La forêt… Elle est souvent dans mes rêves et particulièrement, un endroit. Sauf que j’ignore où il se trouve. Peut-être qu’en écumant les bois du manoir, je vais le trouver et qu’il m’apportera un début de réponse à mes questions. Pour celles concernant les mystères de notre famille et l’assassinat de mes parents, Andreï est le plus à même à me répondre. Enfin, je l’espère. Cependant, je vais peut-être attendre un peu avant d’aborder le sujet. De plus, il me reste quelques textes à rédiger et à rendre pour le travail avant de pouvoir me concentrer pleinement sur ma quête.
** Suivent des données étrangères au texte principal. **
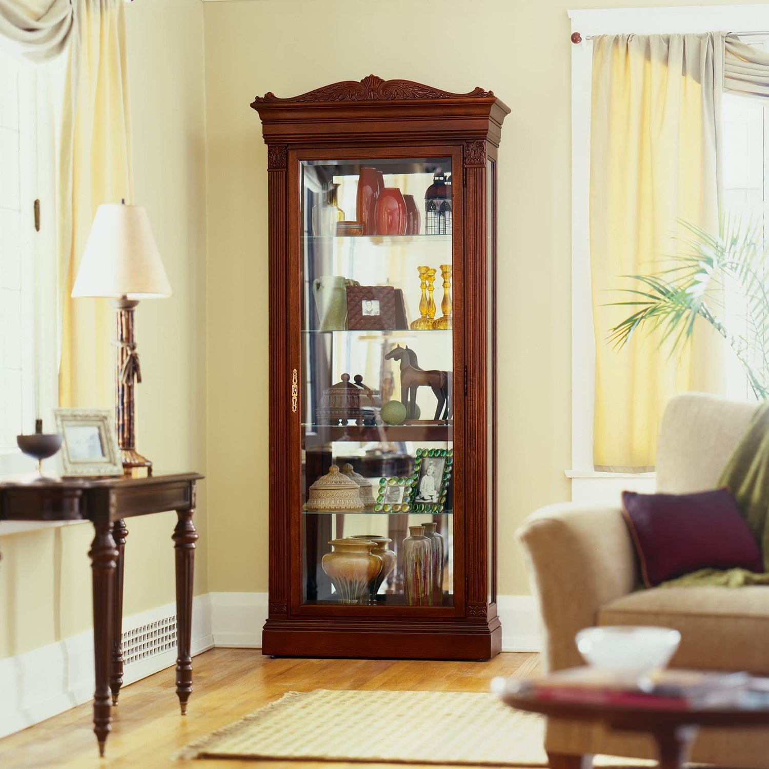 - EXCEPTIONAL MATERIAL QUALITY: Crafted from select hardwoods and veneers, this curio cabinet boasts a lightly distressed finish that adds character and charm. The intricate crowned pediment with detailed leaves and fluted columns showcases expert craftsmanship, making this cabinet not just functional but a piece of art for your space.

— Qu’as-tu prévu de faire aujourd’hui ?, me demande-t-il.

— Je vais rédiger les textes qu’il me reste à faire pour le travail et toi ?

— Je dois me rendre ville tout à l’heure et ensuite, je vais certainement chasser dans la forêt.

— Est-ce que je pourrais t’accompagner pour la chasse ?, proposé-je.

— Bien sûr ! Il faudra juste que tu viennes avec moi pour choisir ton arme avant de partir.

— D’accord !, approuvé-je, le sourire aux lèvres.

La chasse est la principale activité et source de revenus de notre famille. Du moins, d’après les souvenirs qu’il me reste. J’ignore si c’est encore le cas aujourd’hui ou si mon grand-père fait ça pour le plaisir, mais pour moi, c’est l’occasion d’explorer la forêt et de partager un moment avec lui en tête-à-tête.